| From 31ccb1f7ba3cfe29631587d451cf5bb8ab593550 Mon Sep 17 00:00:00 2001 |
| From: Andreas Rohner <andreas.rohner@gmx.net> |
| Date: Fri, 17 Nov 2017 15:29:35 -0800 |
| Subject: nilfs2: fix race condition that causes file system corruption |
| |
| From: Andreas Rohner <andreas.rohner@gmx.net> |
| |
| commit 31ccb1f7ba3cfe29631587d451cf5bb8ab593550 upstream. |
| |
| There is a race condition between nilfs_dirty_inode() and |
| nilfs_set_file_dirty(). |
| |
| When a file is opened, nilfs_dirty_inode() is called to update the |
| access timestamp in the inode.
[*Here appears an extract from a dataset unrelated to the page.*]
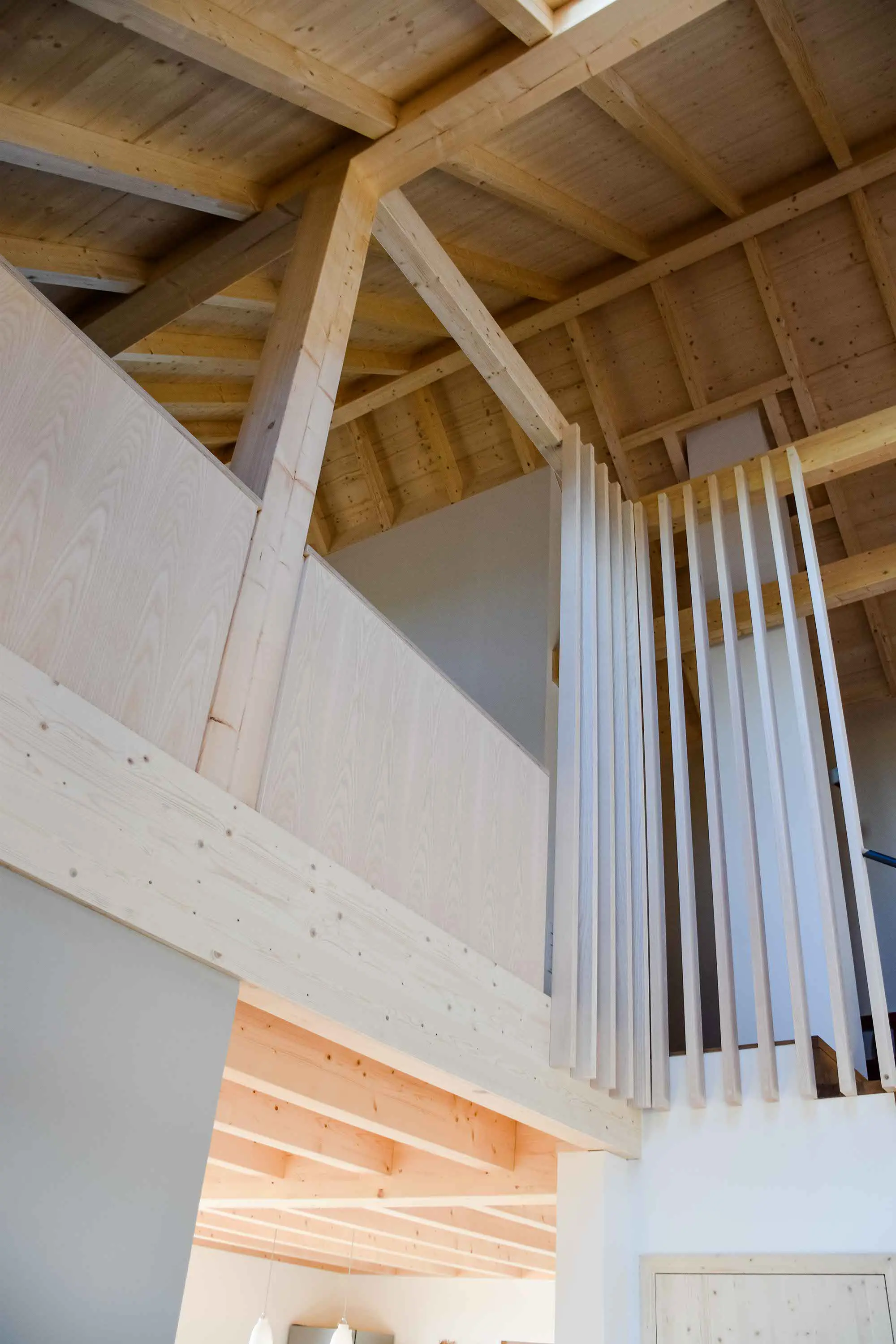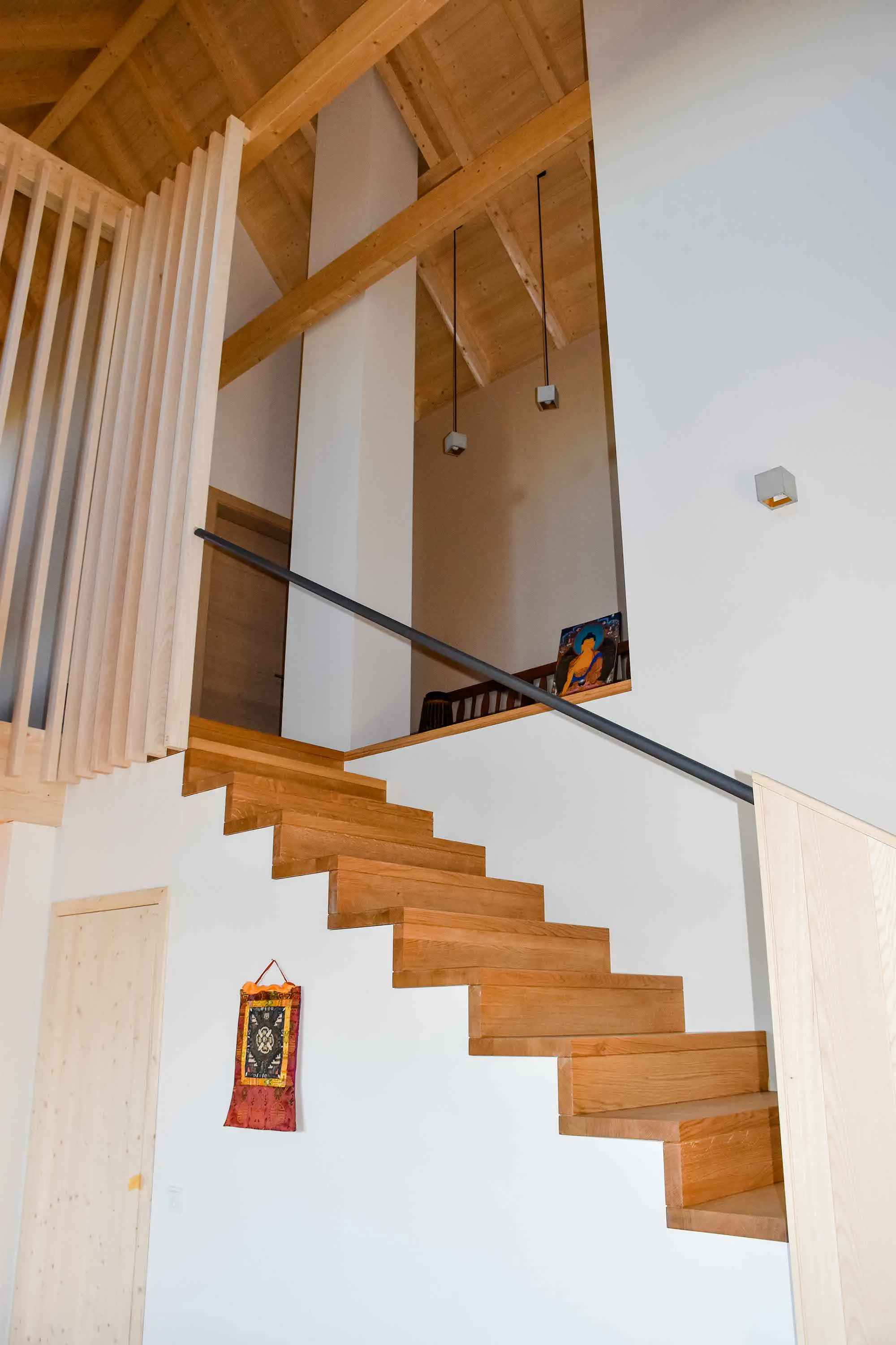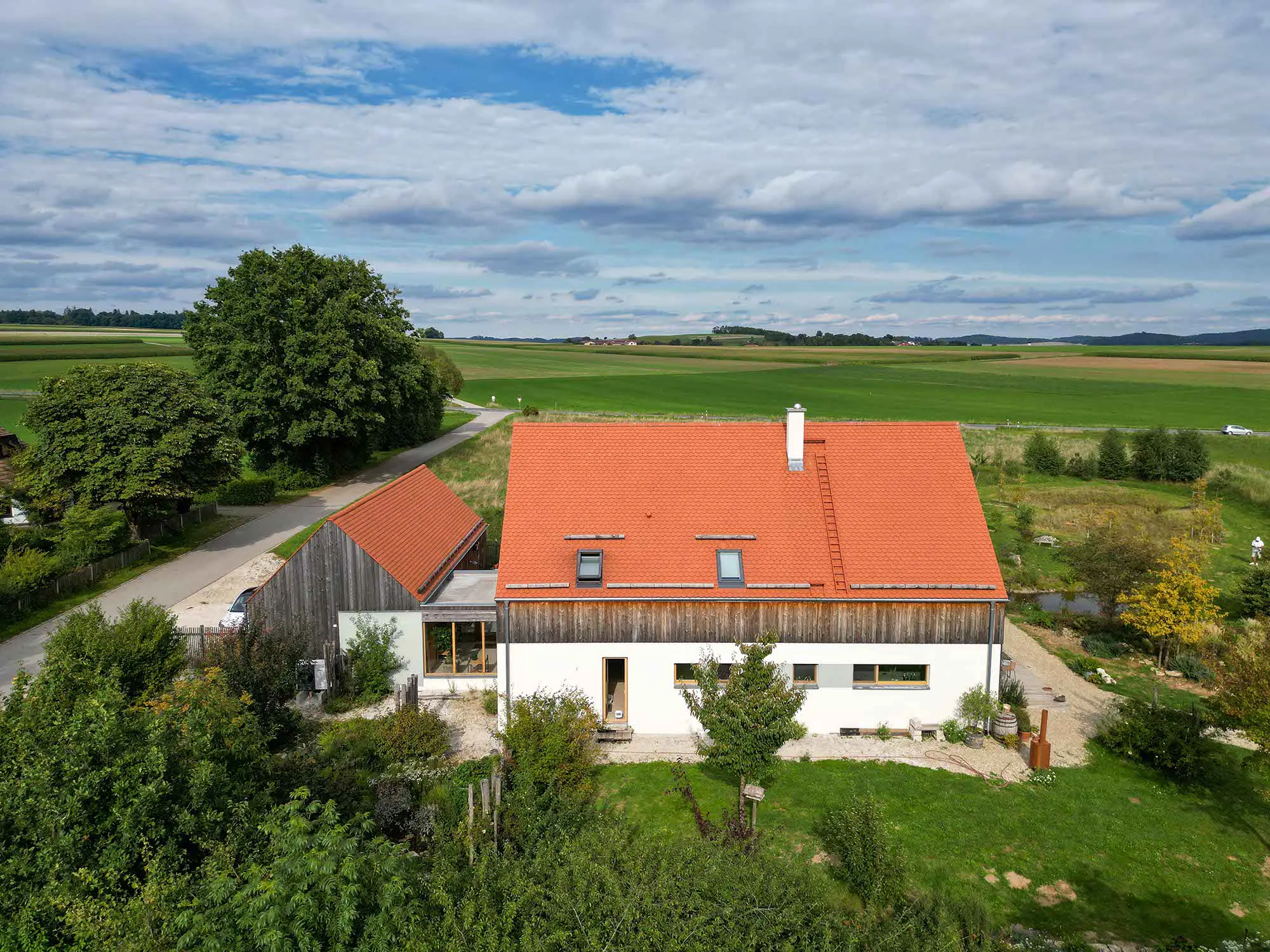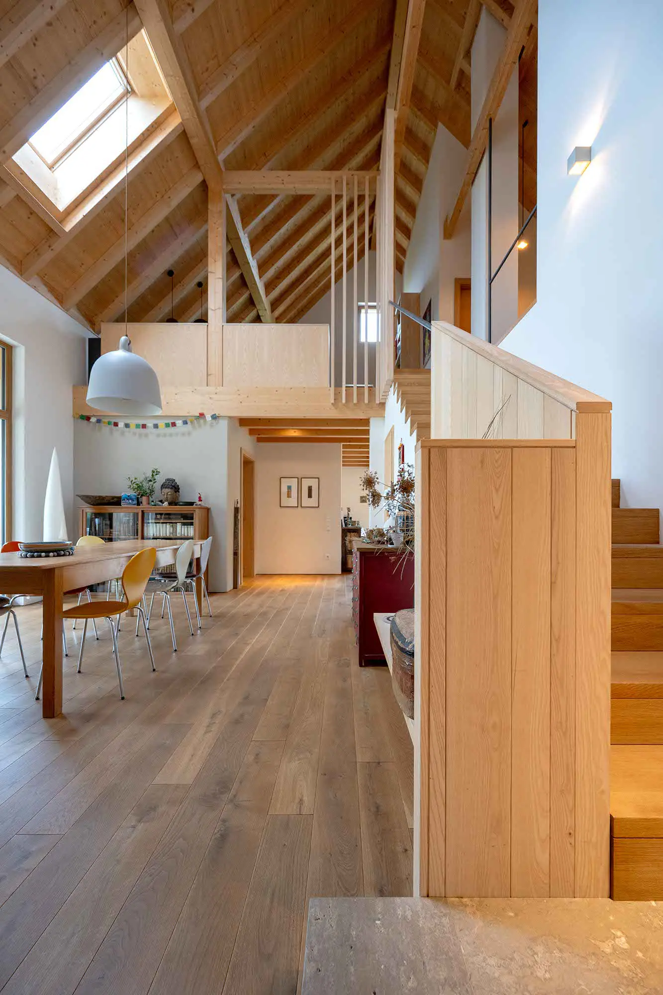 Biberziegel-Dach, traditioneller Rundholz-Schneefang, Holzfassade, großzügige Wohnräume mit viel Holz, natürlicher Garten, große Fensterflächen für viel Tageslicht, Galerie mit offenem Luftraum, überdachte Terrasse mit Weitblick

It calls __nilfs_mark_inode_dirty() in a |
| separate transaction. __nilfs_mark_inode_dirty() caches the ifile |
| buffer_head in the i_bh field of the inode info structure and marks it |
| as dirty. |
| |
| After some data was written to the file in another transaction, the |
| function nilfs_set_file_dirty() is called, which adds the inode to the |
| ns_dirty_files list. |
| |
| Then the segment construction calls nilfs_segctor_collect_dirty_files(), |
| which goes through the ns_dirty_files list and checks the i_bh field. |
| If there is a cached buffer_head in i_bh it is not marked as dirty |
| again. |
| |
| Since nilfs_dirty_inode() and nilfs_set_file_dirty() use separate |
| transactions, it is possible that a segment construction that writes out |
| the ifile occurs in-between the two. If this happens the inode is not |
| on the ns_dirty_files list, but its ifile block is still marked as dirty |
| and written out. |
| |
| In the next segment construction, the data for the file is written out |
| and nilfs_bmap_propagate() updates the b-tree. Eventually the bmap root |
| is written into the i_bh block, which is not dirty, because it was |
| written out in another segment construction. |
| |
| As a result the bmap update can be lost, which leads to file system |
| corruption. Either the virtual block address points to an unallocated |
| DAT block, or the DAT entry will be reused for something different. |
| |
| The error can remain undetected for a long time. A typical error |
| message would be one of the "bad btree" errors or a warning that a DAT |
| entry could not be found. |
| |
| This bug can be reproduced reliably by a simple benchmark that creates |
| and overwrites millions of 4k files. |
| |
| Link: http://lkml.kernel.org/r/1509367935-3086-2-git-send-email-konishi.ryusuke@lab.ntt.co.jp |
| Signed-off-by: Andreas Rohner <andreas.rohner@gmx.net> |
| Signed-off-by: Ryusuke Konishi <konishi.ryusuke@lab.ntt.co.jp> |
| Tested-by: Andreas Rohner <andreas.rohner@gmx.net> |
| Tested-by: Ryusuke Konishi <konishi.ryusuke@lab.ntt.co.jp> |
| Signed-off-by: Andrew Morton <akpm@linux-foundation.org> |
| Signed-off-by: Linus Torvalds <torvalds@linux-foundation.org> |
| Signed-off-by: Greg Kroah-Hartman <gregkh@linuxfoundation.org> |
| |
| --- |
| fs/nilfs2/segment.c | 6 ++++-- |
| 1 file changed, 4 insertions(+), 2 deletions(-) |
| |
| --- a/fs/nilfs2/segment.c |
| +++ b/fs/nilfs2/segment.c |
| @@ -1884,8 +1884,6 @@ static int nilfs_segctor_collect_dirty_f |
| "failed to get inode block.\n"); |
| return err; |
| } |
| - mark_buffer_dirty(ibh); |
| - nilfs_mdt_mark_dirty(ifile); |
| spin_lock(&nilfs->ns_inode_lock); |
| if (likely(!ii->i_bh)) |
| ii->i_bh = ibh; |
| @@ -1894,6 +1892,10 @@ static int nilfs_segctor_collect_dirty_f |
| goto retry; |
| } |
| |
| + // Always redirty the buffer to avoid race condition |
| + mark_buffer_dirty(ii->i_bh); |
| + nilfs_mdt_mark_dirty(ifile); |
| + |
| clear_bit(NILFS_I_QUEUED, &ii->i_state); |
| set_bit(NILFS_I_BUSY, &ii->i_state); |
| list_move_tail(&ii->i_dirty, &sci->sc_dirty_files); |